BERLIN - German Chancellor Angela Merkel headed again to the country's flood disaster zone on Tuesday, her government besieged by questions over how Europe's richest economy was caught flat-footed by flooding that had been predicted days earlier.
The floods have killed more than 160 people in Germany since tearing through villages, sweeping away houses, roads and bridges last week, highlighting gaps in how warnings of severe weather are passed on to the population.
With the country about 10 weeks away from national elections, the floods have put the crisis management skills of Germany's leaders on the agenda, with opposition politicians suggesting the death toll revealed serious failings in Germany's flood preparedness.
Government officials on Monday rejected suggestions that they had done too little to prepare for the floods and said warning systems had worked.
As the search continues for survivors, Germany is starting to count the financial cost of its worst natural disaster in almost 60 years.
On her first visit to a flood-stricken town on Sunday, a shaken Merkel had described the flooding as "terrifying", promising swift financial aid.
Rebuilding destroyed infrastructure will require a "major financial effort" in the coming years, a draft document showed on Tuesday.
For immediate relief, the federal government plans to provide 200 million euros ($236 million) in emergency aid to repair buildings, damaged local infrastructure and to help people in crisis situations, the draft document, due to go to cabinet on Wednesday, showed.
That will come on top of 200 million euros that would come from the 16 federal states. The government also hopes for financial support from the European Union's solidarity fund.
During a visit on Saturday to parts of Belgium also hit by the floods, European Commission chief Ursula von der Leyen told the communities Europe was with them. "We are with you in mourning and we will be with you in rebuilding," she said.

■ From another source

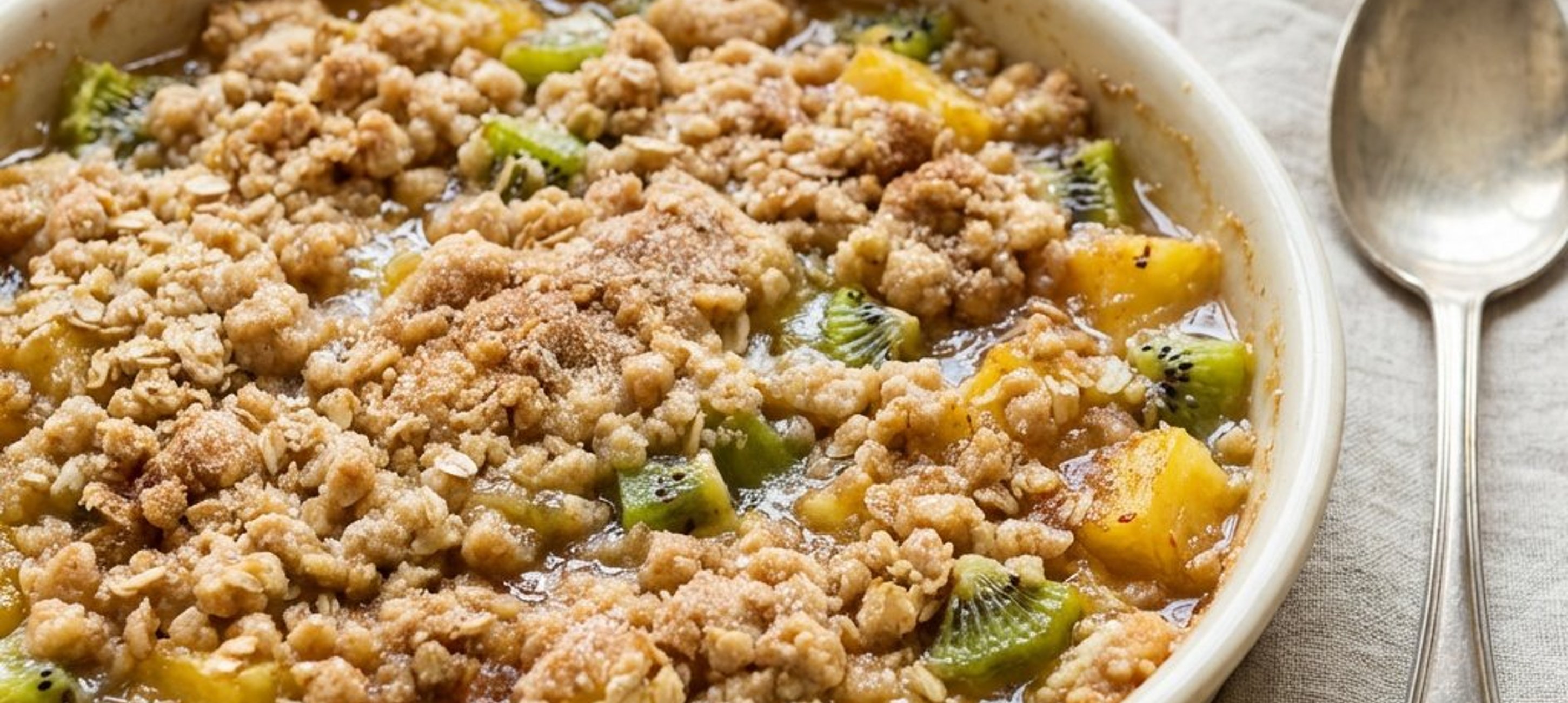 Pentru un plus de răsfăț, servește acest crumble cald, alături de o cupă de înghețată de vanilie sau puțină smântână grasă. Sucul lăsat de fructe în timpul coacerii va crea un sos delicios la baza tăvii.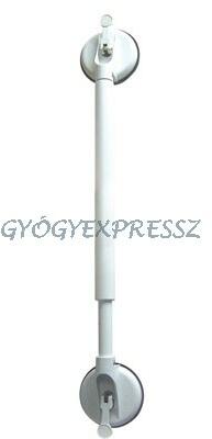 öntapadós fürdőszoba kapaszkodó bármely sima felületre felszerelhető könnyen felrakható és áthelyezhető a fejeken található kar lenyomásával vákumot képez a gumiharangban és biztonságosan feltapad a felületre 70 kg-ig terhelhető (nem a beteg súlya, hanem a húzóteher nagysága) állítható hossz: 44-57 cm között súly: 0,8 kg csúszásmentes kapaszkodó felület fehér

Southern Germany has also been hit by floods and the state of Bavaria is initially making 50 million euros available in emergency aid for victims, Bavaria's premier said on Tuesday.

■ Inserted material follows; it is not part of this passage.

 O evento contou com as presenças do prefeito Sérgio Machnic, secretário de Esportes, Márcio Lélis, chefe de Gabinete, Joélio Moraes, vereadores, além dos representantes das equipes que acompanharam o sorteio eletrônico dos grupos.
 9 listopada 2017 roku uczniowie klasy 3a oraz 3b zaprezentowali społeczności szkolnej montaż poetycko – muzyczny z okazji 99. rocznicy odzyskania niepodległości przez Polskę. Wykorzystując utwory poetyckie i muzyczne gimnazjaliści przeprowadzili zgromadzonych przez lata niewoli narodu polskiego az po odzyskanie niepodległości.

German Environment Minister Svenja Schulze called for greater financial resources to prevent extreme weather events caused by climate change.
"The current events in so many places in Germany show with what force the consequences of climate change can hit us all," she told the Augsburger Allgemeine newspaper.
Currently, the government is limited in what it can do to support flood and drought prevention by the constitution, she said, adding she would favour anchoring adaptations for climate change in the Basic Law.
Experts say the floods that hit northwestern Europe last week should act as a warning that long-term climate change prevention is needed.